One thing streaming has done is make movies and shows very single serve. I don't talk about movies with my friends and family, let alone people at the water cooler anymore. It seems like most people are in their own little media bubble
yes and no. I talk quite a bit about prestige television series, but not much about films these days.
Where I have found enjoyment is moving away from steaming and not watching as many new films (still watch some things, but I am selective). Instead I focus on older movies or established classics, and doing that has just led to a better viewing experience for me
Nothing wrong with reviewing past films and/or discovering them.
 


One of my issues with this though is it doesn't really work for me in a show format. Series are too long form. One of the things I love about movies is telling a story in that shorter time frame in a visual and audio medium. With shows, it is like they have too much room to breathe. Don't get me wrong, there are quality shows I like. I am just more into movies than series and there is a different feel between them.

The best analogy I can think of is that, in literary terms, movies are short stories, while prestige series are novels.

The traditional movie is a one-off; it tells a story, briefly. It can ba amazing. It can be thought-provoking. It can evoke a world beyond the characters. But then it is done.

The series, on the other hand, luxuriates in its length. The characters become more complex, and the plot, instead of being about a single "event" becomes more of story, unfolding over time.

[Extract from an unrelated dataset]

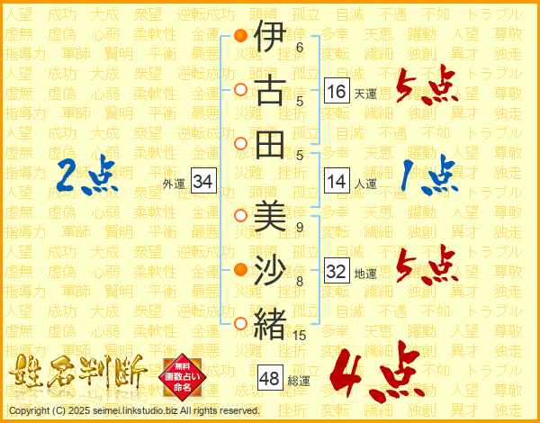伊(6画)古(5画)田(5画) 美(9画)沙(8画)緒(15画)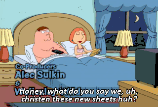 Honey, what do you say we, uh, christen these new sheets huh? Why, Lois Griffin, you naughty girl. That's me. You dirty hustler. You filthy, stinky prostitute.

(I guess this makes the miniseries the novella, but that might stretch the analogy too far!)

I think that the big difference is that, for the most part, until the Sopranos era that we have entered, TV series usually did not attempt to tell a single unified story. They did not aspire to greatness, so much as to comfort.

As a collateral issue, I often run into the same problem when picking something to watch on streaming- for whatever reason, choosing a prestige series that is "one hour" episodes is fine, even knowing that I will binge two or three of them, while choosing a two-hour movie feels like too much of a commitment.